Giulia è bionda, ha gli occhi grigi, uno sguardo che si direbbe da sognatrice, almeno per quello che si ricava da antiche fotografie, alcune sfumate, altre sgranate, altre ancora appannate, tutte in bianco e nero. Giulia ama il salto in alto, si cimenta anche nel salto con l’asta, partecipa alle gite del Club alpino italiano, i viaggi in torpedone e i cappelli con i pompon, gli sci di frassino e le racchette di bambù, guida la Vespa, quella panciuta come un gigantesco passerotto, e va in bicicletta. Giulia lavora e non si sposa, non ha figli, i suoi figli saranno i nipoti. Giulia non rinuncia al rossetto, ma alle Turmac, sigarette stranamente ovali. Un giorno Giulia, vittima dei ricordi, prende le fotografie di quando era giovane e spensierata e le strappa tutte.

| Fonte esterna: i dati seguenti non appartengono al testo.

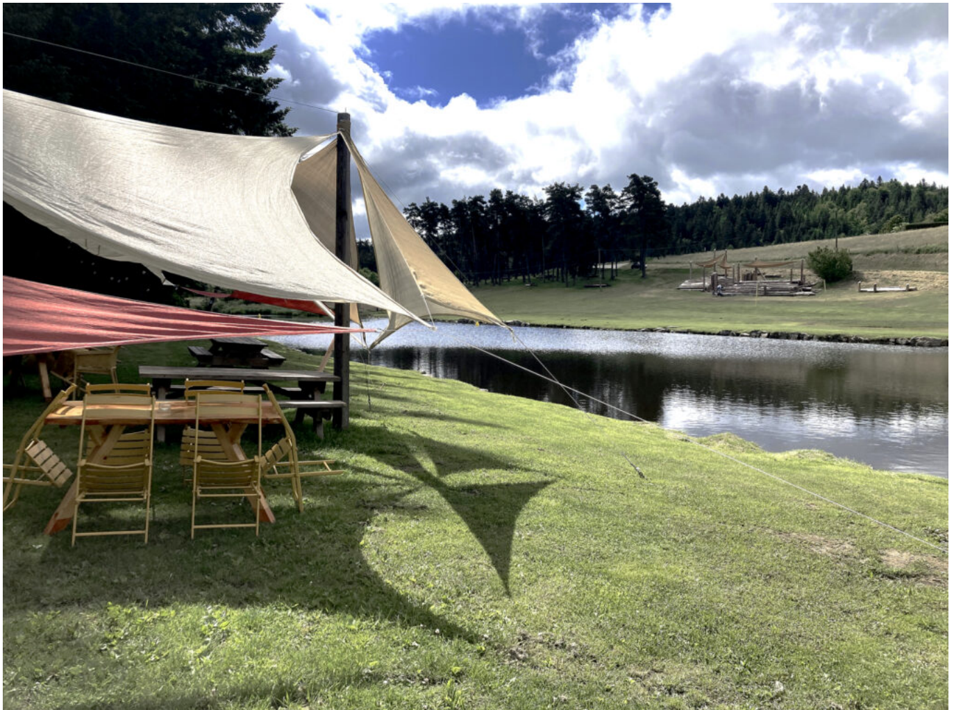
Au bord du plan d'eau alimenté par le Lignon.
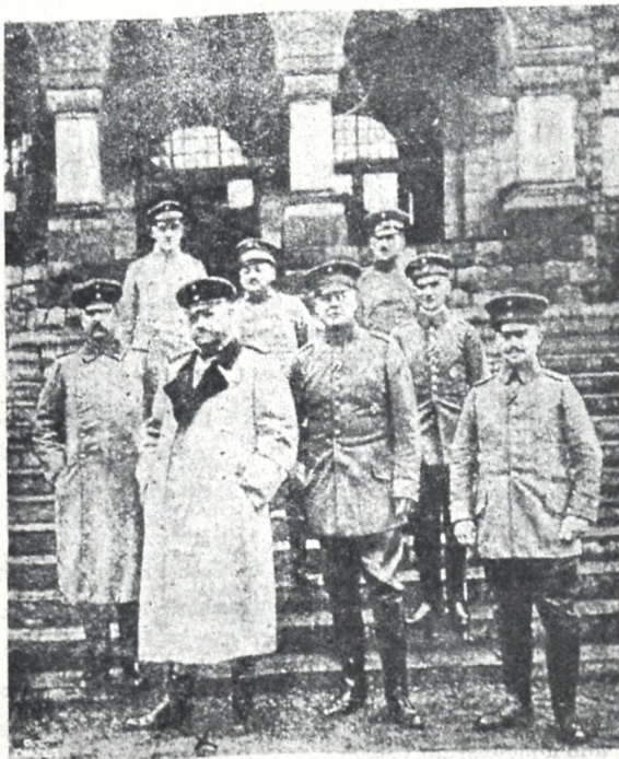
დენერალი გინდენბურგი და მისი შტაბი პოლონეთში

დასასრულ, ვუსურვებთ სიცოცხლეს ახალს თანამომეს და სიამოვნებით ხელს უწვდით საერთო მოქმედებისათვის.
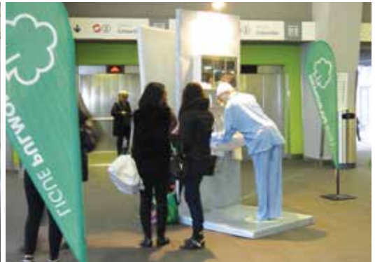
La toux sonore a suscité la curiosité des passants.
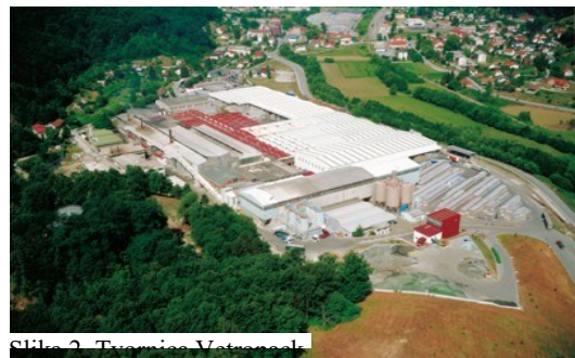
Slika 2. Tvornica Vetropack

Kroz narednih desetak godina u tvornicu je uloženo oko 600 milijuna kuna. U to vrijeme u Hrvatskoj su prevladavala brojna privatna poduzeća gdje su većina njih i propala. No, Vetropack Straža je uspjela. Razlog tog uspjeha, jest to što je Vetropack ponudio moderan menadžment i drugačiju organizaciju, a uz to je znao iskoristiti tradiciju. U
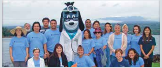
Dagiti empleado manipud East Hawai'i on the Big Island ket nagboluntaryo da idia 18th annual Hilo Heart & Stroke Walk a naaramid idi Marso 7.
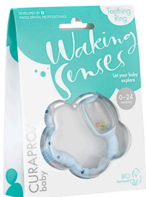
クラブロックスベビー 歯がため ブルー
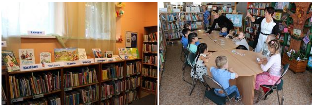
Bilingvālās nodarbības RCB filiālbibliotēkā „Rēzna” un Bērnu literatūras nodaļā

Tā kā latviešu valodas prasmju pilnveidošana pirmsskolas vecuma bērniem ir aktualitāte daudziem Rīgas iedzīvotājiem, vairākās RCB filiālbibliotēkās bilingvālu nodarbību organizēšana tiek turpināta arī pēc projekta noslēguma.
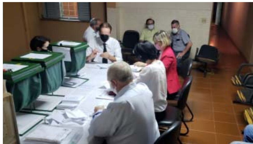
Mesmo em tempos de pandemia, apuração transcorreu observando as recomendações de uso de máscaras, para cumprir o processo democrático
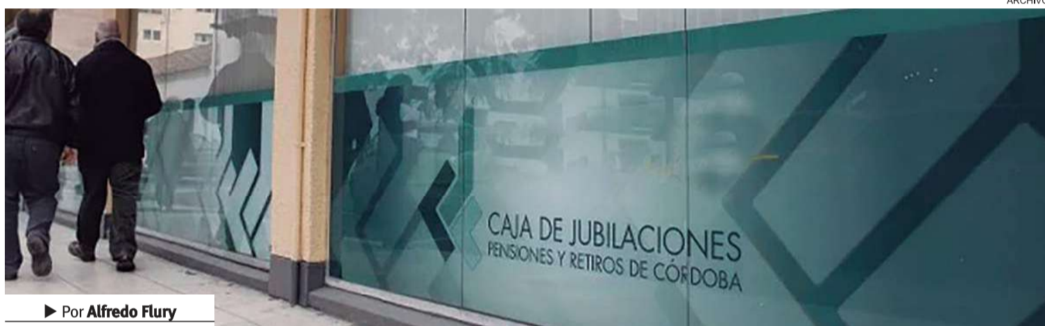
Por Alfredo Flury

Chicco e Claudio Pessina hanno scritto un libriccino per la loro zia e sulla loro zia e intorno alla loro zia, “La Giulia” (A.car. edizioni, 100 pagine, 10,50 euro), il nome preceduto dall’articolo alla lombarda, alla milanese, alla rhodense nel loro caso, un nome più adatto a un’auto (e Giulietta ancora prima di Giulia) che a una bici, un’occasione per scavare nella memoria, riavvolgere il film del tempo, rimettere a fuoco – il falò, le braci, le ceneri del nostro cuore, dei nostri sentimenti – le immagini sbiadite dalla vita di tutti i giorni, dagli anni che volano, dalle persone che se ne vanno. Ma che così, prima nei ricordi e poi nei ricordi diventati libri, queste immagini tornano e rimangono. I libri servono soprattutto a tenere in vita anche, soprattutto, i morti. E non si muore mai, mai fino in fondo, mai per sempre, finché c’è un buon libro, un buon racconto, un buon ricordo.
“Colori, voci, rumori ma soprattutto odori. Qualche volta profumi. La casa di ringhiera, la linghera, non è solo un luogo dove la gente abita. E’ un organismo vivente, pulsante, spesso mutante”. “Sul ballatoio tutto diventa comune, anche i sentimenti. Sul ballatoio si corre a occupare il cesso alla turca in fondo, vicino alla scala, per fare in tempo ad andare in fabbrica. Già che si è lì si leggono i ritagli di giornale che, appesi a un fil di ferro, servono da carta igienica, per farsi un’idea seppur parziale dei fatti di cronaca”. “La cucina economica è bianca, imponente, bella. Ha il piano in acciaio con i cerchi, concentrici, che si tolgono e in fianco una piccola caldaia per scaldare l’acqua”. C’è la Seconda guerra mondiale, c’è la Resistenza, c’è la rinascita: “Accettare un pezzo di vita, voltare pagina e provare a immaginare un futuro. Eccolo il futuro: “Qualche volta, negli anni Sessanta, va in crociera, in Spagna, cosa che all’epoca è tipicamente da sciuri”. E quelle pensioncine estive in Liguria, riviera di Ponente, vicino alla spiaggia, camera vista mare: “Pensione completa, giovedì sera dolce, domenica a mezzogiorno antipasto. Tutte le sere minestrone o passato di verdura”. I due nipoti commentano: “Da suicidio”.
Giulia invecchia. L’età non sta in un certificato anagrafico, neanche nella quantità di tutti i nostri ieri, neanche nella crudeltà di una clessidra - che cosa c’è di più drammatico e implacabile e inarrestabile di una clessidra? -, l’età pesa e piega quando non si può più condividere una antica interrogazione a scuola, una eterna dichiarazione d’amore, una fangosa partita di rugby, una libera pedalata in gruppo. La solitudine. Chi va in fuga e ti lascia da solo al vento.
Giulia sarebbe stata fiera di “La Giulia”. Magari avrebbe detto che non era il caso, magari avrebbe soltanto allargato e illuminato gli occhi, magari avrebbe sfilato dalla borsetta quel pacchetto piatto e pescato una Turmac, piccolissimo gesto peccaminoso.